Have you ever been so sad that it physically hurts?

There was nothing I could do to control anything here. It was "Ivana this" and "Ivana that". I slept, ate, and did homework. A day after the incident, my brothers turned back into who they were before. Apparently, my father left again, but I couldn't forget how they changed, how they treated me, how they proceeded to treat me. I think they noticed, too. I couldn't get close to them; it made me sick. I couldn't spend time with them; it made me sick. I couldn't even look at them; it made me sick.

Am I overreacting? Is it actually my fault? My thoughts were in chaos. I blamed them, then myself, then my father, and then my past, over and over again. What is wrong with me? Sometimes, I walked around in my room, feeling like I was burning calories. I started counting them, realizing how much they made me eat. Whenever I was alone, I did crunches, I walked around, I planked. I did everything in my power, but it wasn't enough. I think I'm going crazy.

I lost my control.

"Ivana, is everything alright?" Matthew asked me. I looked up. Oh, I wasn't in my room. We were eating dinner. I nodded, shoving the food in front of me down my throat. Everything looked horrible to me. Why? I liked food. I liked tasting food. I just wanted to control something. Was that so wrong?

"Ivana?" This time, Asher called me.
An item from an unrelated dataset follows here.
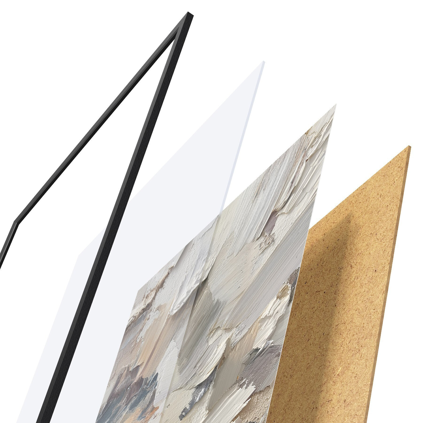 Plakatą sudaro rėmas, pleksiklas, atspausdintas vaizdas ir medžio drožlių plokštės pagrindas. Plakatą galima iš karto pakabinti ant sienos dėl kitoje pusėje esančių laikiklių.

He was standing in my room. "Come downstairs, it's time to eat."

What? Wasn't I eating just a moment ago?

I walked downstairs, everyone waiting for me, the breakfast already on my plate.

Disgusting.

"Ivana, how are you feeling today?" I didn't answer at first. "I'm okay." We continued eating.
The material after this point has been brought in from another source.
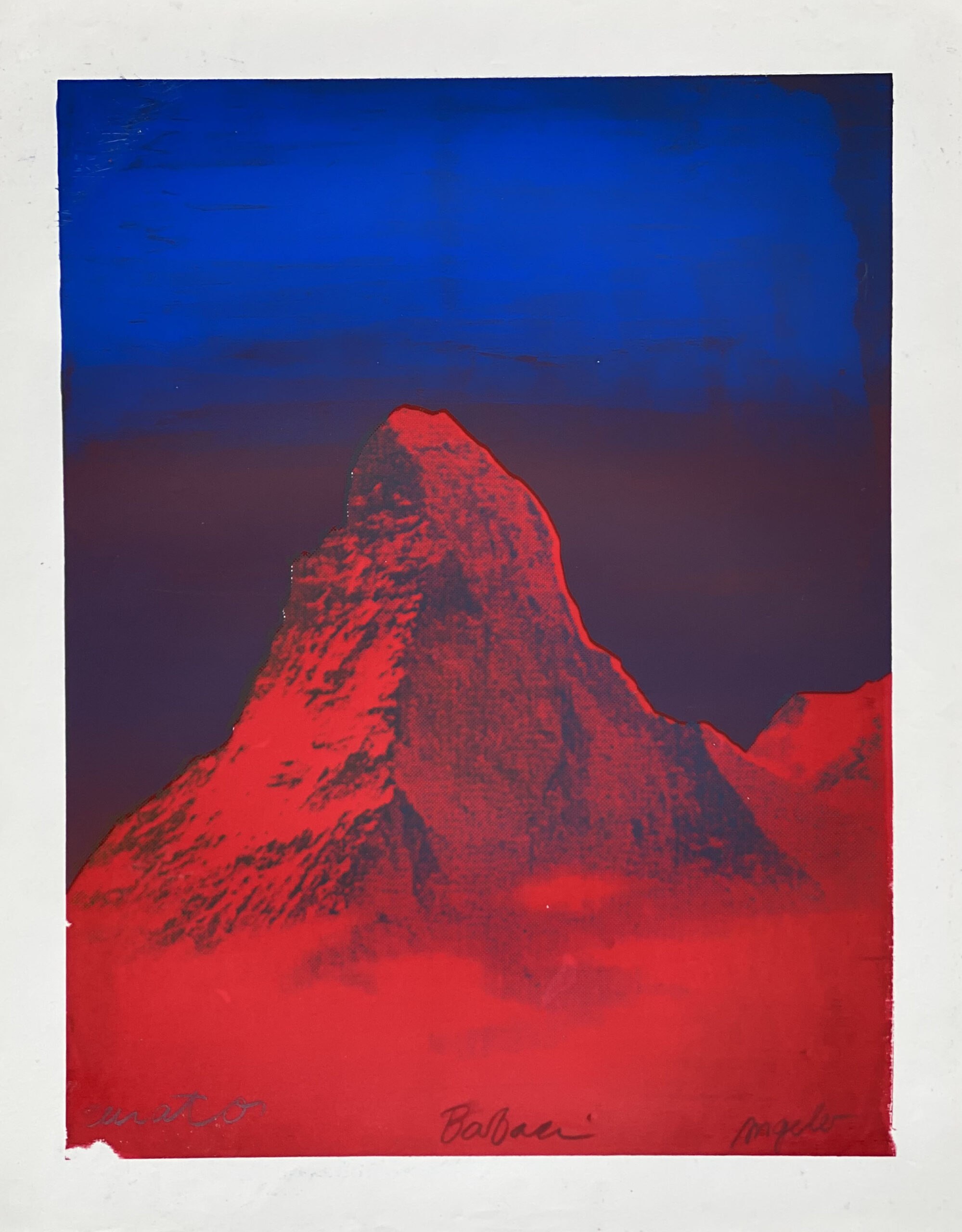 This is serigraphy is a collaboration of the former artist trio Atelier 91 based in Zurich, 1990

"Maybe you should try getting over what happened. You rarely smile these days," Matthew said, giving me a warm smile. I stared at him. Why should I smile?

"Ivana, why are you staring at your food? I ordered your favorite pizza," Gray questioned me.

Huh? I looked down. Where did my breakfast go?

"Good job! You managed to gain some weight over one week! Father will be happy. Don't you feel better already, Ivana?"

I stared at the number on the scale.

Why am I standing on a scale?

Logan was grinning at me. He wanted to give me a high five, but I just walked away. My head hurt. I felt tired.

What day was it?

I didn't understand what was going on. What was happening to me.

Every day blurred into the next, a haze of forced meals and empty stares. My room became a prison. I moved mechanically, feeling like a puppet whose strings were pulled by everyone but myself. They thought they were helping, but each forced meal, each command, chipped away at the little bit of myself I had left.

At night, I lay awake, staring at the ceiling. The darkness was thick, pressing down on me. My mind raced, thoughts looping in endless circles. Why couldn't I control anything? Why did I feel so powerless? I thought of Ray, wondering how he was. Did he blame me now too?